# **PROJECT 1: COLOR COMPRESSION** <br>
**Subject:** Applied Mathematics and Statistics <br>

## **Table of contents**
* [Import librabries and designate a path](#c1)
* [Image preparation and processing](#c2)
* [KMeans function](#c3)
* [Test program for k = {3, 5, 7}](#c4)
* [Main function](#c5)

### **Import librabries and designate a path**<a class="achor" id="c1"></a>

In [1]:
# Import librabries
import numpy as np
import matplotlib.pyplot as plt
from PIL import Image
init_centroidsT = ['random', 'in_pixels'] # For centroids choices

### **Image preparation and processing**<a class="achor" id="c2"></a>

In [2]:
# Flatten image
def flatten_img(img):
  height, width = img.size
  return np.reshape(img, (width * height, 3)).astype(int)

# Compress image base on the provided centroids and label
def compress_img(centroids, labels, img):
  height, width = img.size
  compressed = centroids[labels.astype(int)]
  compressed = compressed.reshape((width, height, 3)).astype(int)
  return compressed

# Show image function
def show_img(img, img_name, img_centroids, num_cluster):
  plt.title(f'{img_name} {img_centroids} with k cluster = {num_cluster}')
  plt.imshow(img)
  plt.axis('off') # Remove the axis
  plt.show

### **KMeans function**<a class="achor" id="c3"></a>

In [3]:
def kmeans(img_1d, k_clusters, max_iter, init_centroids='random'):
  # Choose k random centroids
  length, dim = img_1d.shape
  if init_centroids == 'random':
    centroids = np.random.choice(256, size = (k_clusters, dim), replace=False)
  elif init_centroids == 'in_pixels':
    centroids = img_1d[np.random.choice(length, size = k_clusters, replace=False)]

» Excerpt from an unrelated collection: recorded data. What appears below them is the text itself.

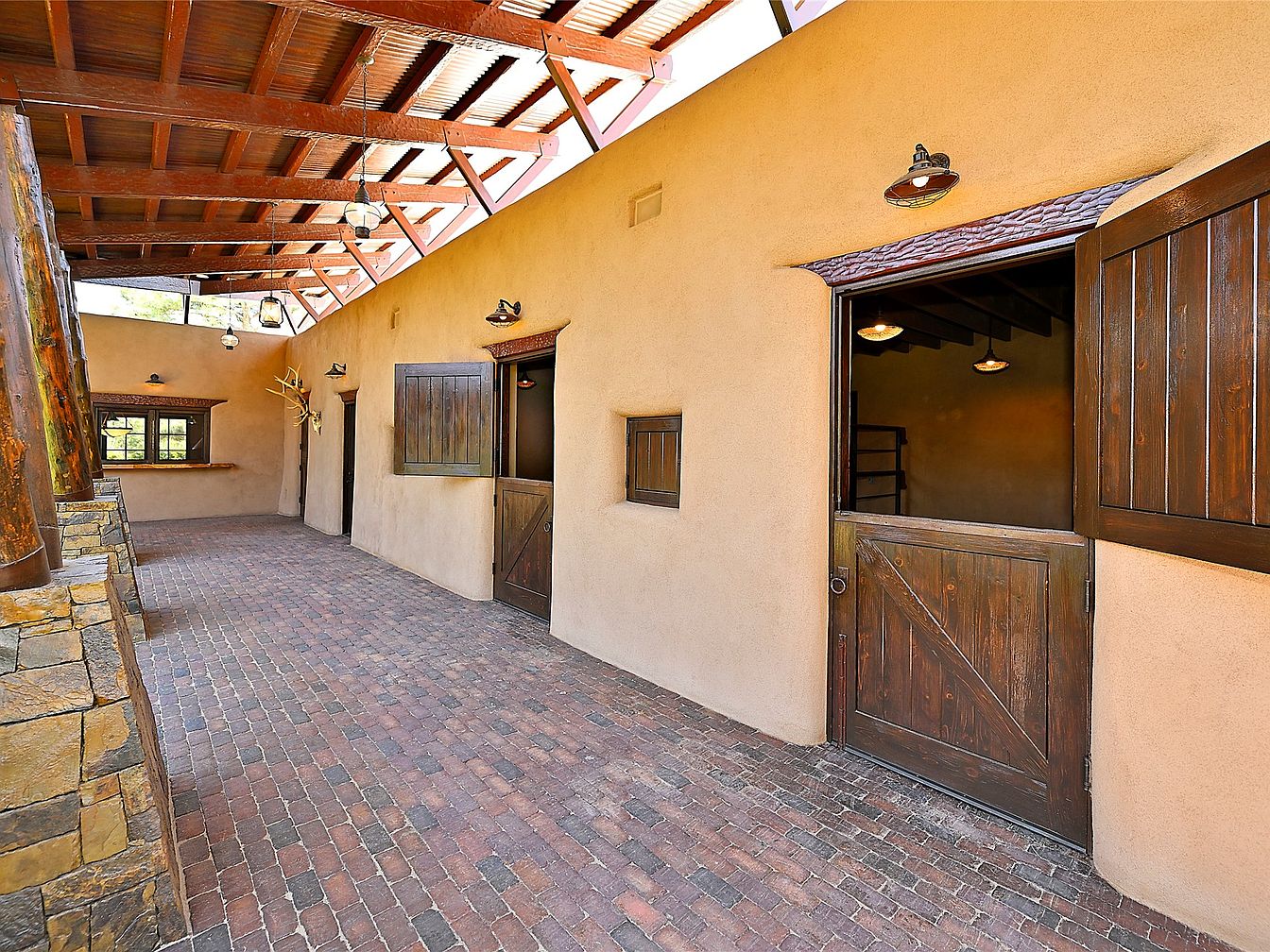 A bright and inviting stable walkway features exposed timber trusses and a translucent roof that allows abundant natural light to filter through. The cobblestone flooring is both durable and easy to clean, ideal for families with children who love animals. Warm tan stucco walls complement rustic wooden stall doors and wrought iron lanterns, creating a welcoming, Southwestern-inspired aesthetic. The layout is spacious and practical, offering easy access to each stall, while stone accents and thoughtful window placement add architectural charm. This area’s design balances practicality with comfort, perfect for family members to gather, care for horses, or simply enjoy the unique ambiance.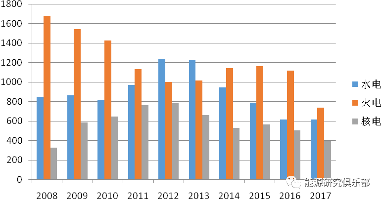 圖22 2008~2017年水電、火電、核電投資情況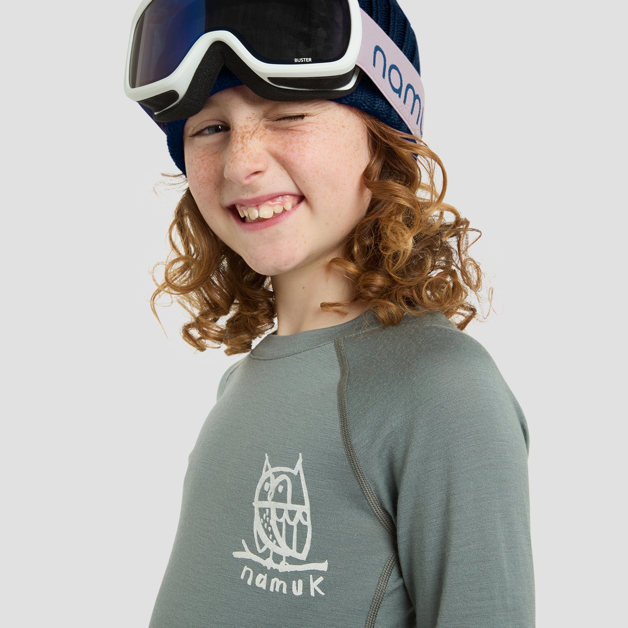 The long-sleeved shirt can easily be worn as a base layer under our winter jackets and pants, or as is for lazing around at home. And, because of Merino’s temperature-regulating effect, the longsleeve has been known to replace the old favorite pajamas for a lot of kids.

  labels = np.zeros(shape=(length))

  while max_iter:
    for i in range(length):
      min_dist = float('inf')

      # Distance between each pixel and centroids
      for j in range(k_clusters):
        mean_dist = np.sqrt(np.sum((img_1d[i] - centroids[j])**2, axis=0))
        if mean_dist < min_dist:
          min_dist = mean_dist
          labels[i] = j

    # Update centroids
    for i in range(k_clusters):
      pixels = img_1d[labels == i]
      if len(pixels):
        centroids[i] = np.mean(pixels, axis = 0)
    max_iter -= 1

  return centroids, labels

### **Test program for k = {3, 5, 7}**<a class="achor" id="c4"></a>
Test function to test for kmean in two centroids cases <br>
Let max_iteration = 10

#### **centroids =  random**

In [4]:
def random_test(img):
  output_img = []
  output_img.append(img)
  for k_cluster in [3, 5, 7]:
    flat_img = flatten_img(img)
    centroids, labels = kmeans(flat_img, k_cluster, 10, 'random')
    final_img = compress_img(centroids, labels, init_img)

    final_img = Image.fromarray(final_img.astype('uint8'), 'RGB')
    output_img.append(final_img)

  # Creating subplot
  plot_iter = 1
  fig, axis = plt.subplots(1, 3, figsize=(12, 8))

  for i,k in [(0,3), (1,5), (2,7)]:
    axis[i].set_title(f'Random with k cluster = {k}')
    axis[i].imshow(output_img[plot_iter])
    axis[i].axis('off')
    plot_iter += 1
  plt.tight_layout();

#### **centroids = in_pixels**

In [5]:
def in_pixels_test(img):
  output_img = []
  output_img.append(img)
  for k_cluster in [3, 5, 7]:
    flat_img = flatten_img(img)
    centroids, labels = kmeans(flat_img, k_cluster, 10, 'in_pixels')
    final_img = compress_img(centroids, labels, init_img)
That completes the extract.